Lord Nil kicks off things by explaining in a filmed voiceover that following a water-tank trick twelve years ago that went awry, landing him in a hospital and suffering from PTSD, “That was the day I became Lord Nil. The first of the forgotten. The Lord of nothing. Just a man who turned pain into strength. Why? To chase an insane dream. I face fear, night after night, because if I can face it, maybe you will too.”

Born in Italy as Simone — his full real name is unknown, and he has done a thorough job of keeping his previous life a secret — Lord Nil made the quarterfinals of the thirteenth season of America’s Got Talent and is now displaying his skills at Stage 42 through August 31. For seventy-five minutes, he battles the four elements — earth, water, fire, and air — via execution machines involving an ax, a circular saw, sizzling bacon, an enclosed maze filled with smoke, a crossbow, and a descending spiked ceiling. Each stunt is linked to one of the seven deadly sins — pride, envy, gluttony, greed, lust, sloth, and wrath — but don’t try too hard to figure out the connection, because most of them are a bit of a stretch.

“Do I scare you? Don’t you recognize me?” Vice purrs at the crowd. “I’m the villain from all your childhood fairy tales, the monster from your nightmares: Call me whatever you wish. Tonight, I am the mirror that reflects all of Lord Nil’s fears back at him.” In between the daring feats, the Lost Souls, consisting of Reba Bartram, Michele Castelli, Christian Hariga, Alina Radu, Derrion Swan, Khy-Felipe Pasamonte Vitug, Kortney Warren, Erika Zilli, Kris Ivy Haynes, and Chance Hoover, slink and slither across the stage, dancing to loud music featuring the Lord of Evil (composer Erik Ventrice) shredding away on electric guitar.

Most of the magic is mediocre, the contraptions can be confusing, and Lord Nil’s celebrations are right out of professional wrestling. There’s not a whole lot of suspense, as evidenced by the less-than-enthusiastic applause after each deed and no unanimous standing ovation at the curtain call. The audience is encouraged to take photos and video; one audience member is chosen to participate in the final caper, which adds a bit of fun to an otherwise silly trick that even Batman might sniff at.

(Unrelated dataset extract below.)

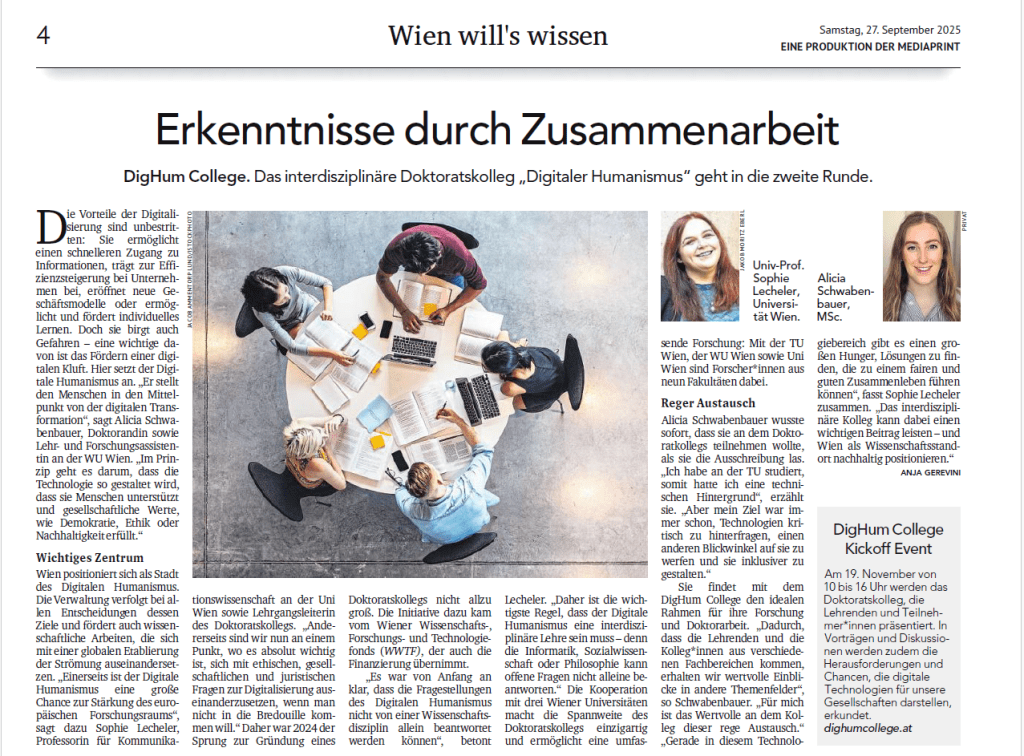 The DigHum Doctoral College was recently featured in Kurier as part of its special…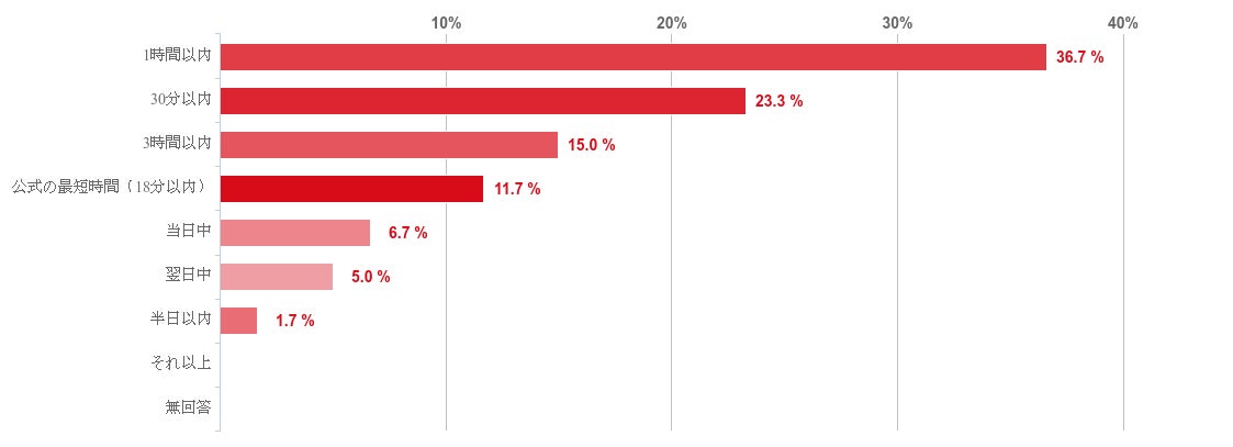 アイフルの審査結果が通知されるまでの時間は、「1時間以内」が一番多く、次いで「30分以内」「3時間以内」という順となった。

Lord Nil battles the wrath of fire in finale as Vice (Steph Payne) and the Lost Souls watch closely (photo by twi-ny/mdr)

Directed by Alberto Oliva, the dark, splashy production is bumpy and uneven, enlivened with sexy choreography by Stefano Alessandrino, goth costumes by Guiseppe Magistro, flashy lighting by Tudor Micu for the Light Guy and Jamie Roderick, piercing sound by Drew Levy and Kevin Sweetser, and faux-demonic animation and projections by Dan Mitrea for Digital Maverick. Lord Nil himself is a somewhat opaque figure, and there is little chemistry between him and Payne.

You might not call out, “Holy Houdini!” as Robin did at the beginning of the second season of Batman, in the “Shoot a Crooked Arrow” episode, but Lord Nil’s production would not feel out of place on the great vaudeville stages of yore that hosted Houdini and pleased the crowds who could suspend disbelief — and perhaps their better judgment — to enjoy some thrills and chills on a hot summer night.